Mr. Mole studied her, but not with the squinty, sun-averse gaze of his namesake. He had bright blue eyes, eyes that burned so bright they seemed freezing cold. He easily won the stare-down.
"Mr. Mole works in the Health Department," Uncle Donald said. "He has access to birth certificates, which are private under Maryland law. As I said, we know what's on the original birth certificate, because Jackie filled that out herself. What Mr. Mole proposes to do is go through all the birth certificates in the eighteen months following the birth of Jackie's daughter."
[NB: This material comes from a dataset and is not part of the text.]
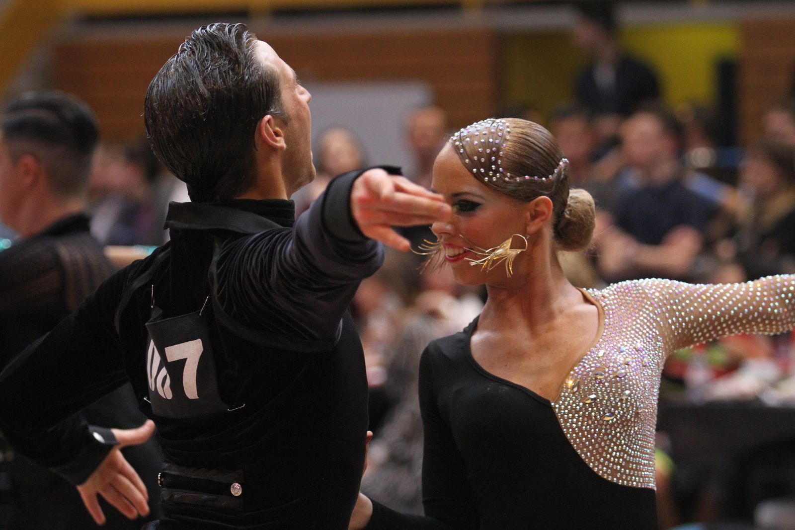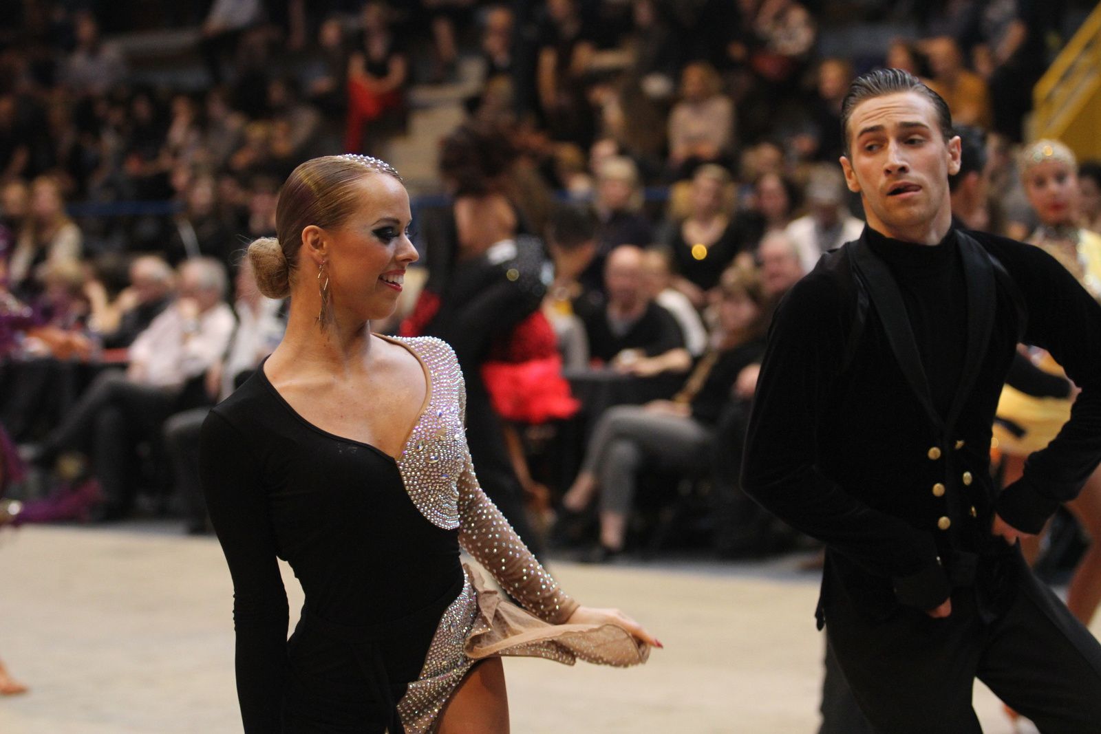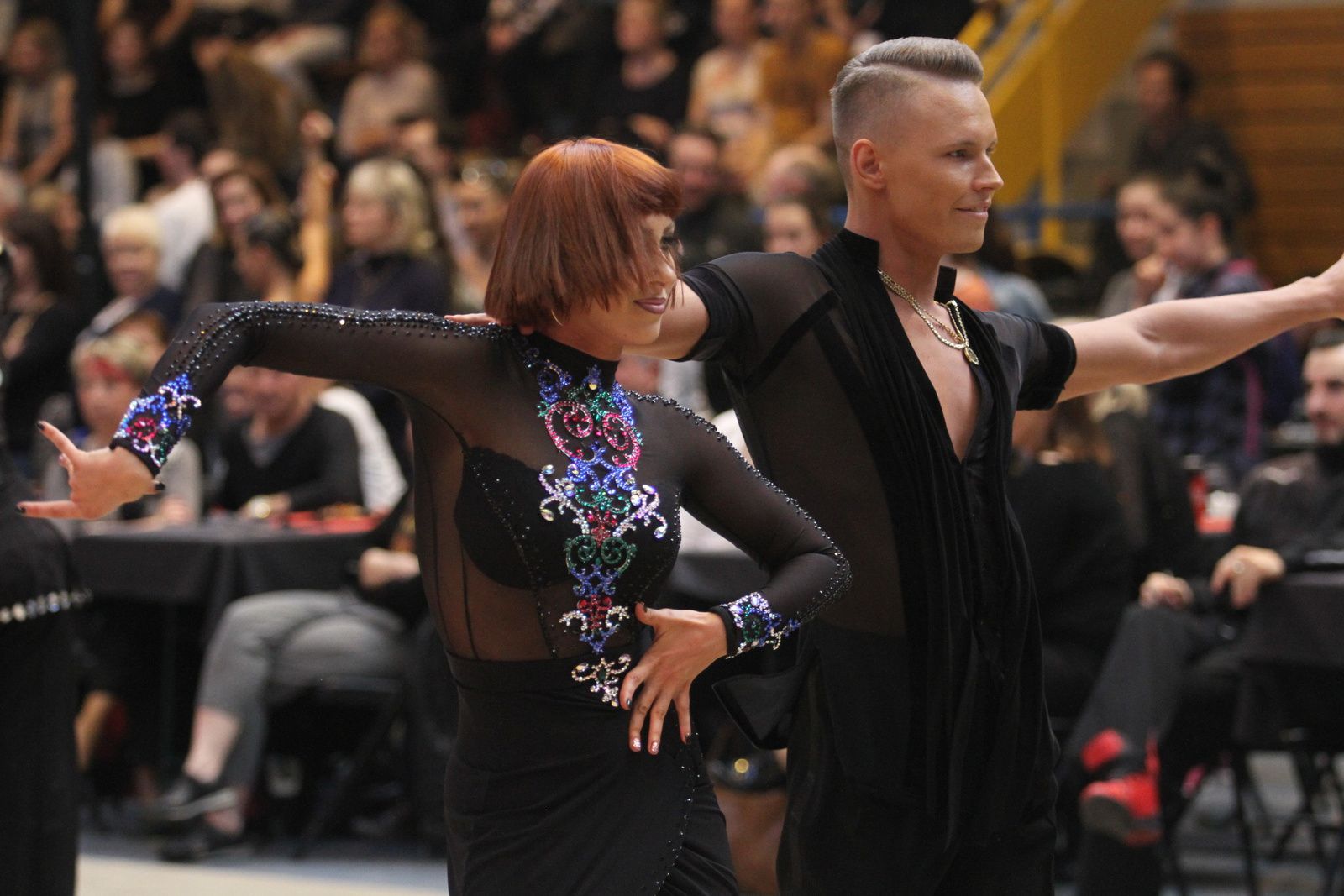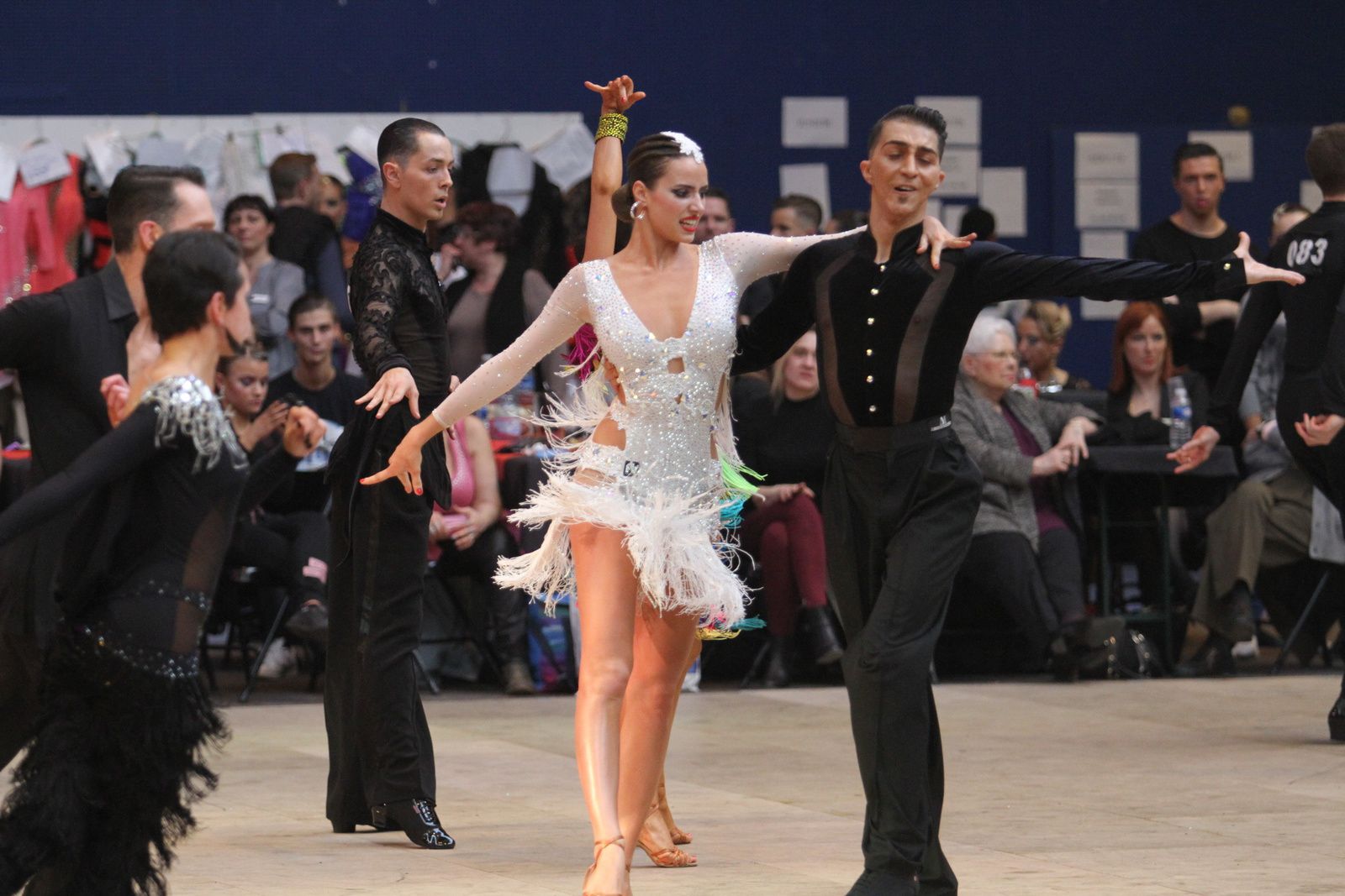 Il y avait foule ce samedi au gymnase Jacques Anquetil pour l’étape vénissiane de Coupe de France de danse sportive. 400 danseurs et deux fois plus d’accompagnateurs ont fait comme ils ont pu pour se frayer une place dans la tribune et aux alentours d’un immense parquet en bois installé par les organisateurs. Pour ce qui concerne la compétition, elle aura été acharnée. Il faut dire que de nombreux champions de France des catégories youth, juniors, espoirs, adultes et seniors étaient présents. D’où la difficulté à se qualifier pour les 6 finalistes de chaque discipline et deux types de danses : latines et standards. Dans cette épreuve nationale magnifiquement organisée par Lyon Métropole Danse Sportive, le cha-cha-cha insouciant, euphorique samba, rumba torride, paso-doble passion et l’énergique jive ont permis au couple vénissian Stéphano Guijarro et Jennifer Meunier de s’imposer en seniors danses latines. Pour info Stéphane Guijarro est le nouveau président de LMDS. Autres finalistes en juniors standards : Gabriel Boguta et Fantine Noyel qui finissent 6ème. D’autres danseurs locaux se sont illustrés sans toutefois se qualifier pour les finales. Thomas Vernay et Laure Galy finissent aux portes de la finale à la 7ème place. En juniors latines : Maxence Piau et Juliette Rey (la fille de l’entraîneur Christophe Rey) se classent 7ème. Les espoirs en latines Pierre Mauduy et Justine Iafrate terminent 9ème.

Tess didn't see how this would work any better than everything they had tried. "How can you match the new certificate to the old? At this point, we're not sure of any of the clues we started with-not the name, not the parents' names, not their location. For all we know, everything we were told was a lie, or just flat-out wrong."
"I don't need a name," Mr. Mole said. "I can immediately narrow my search to any certificate that has a different issue date than the date of birth. That's the tip-off, you see, it indicates there was an adoption. Otherwise, the two dates are the same."
"How broad a field of possibilities are we talking here?" Tess asked, still skeptical.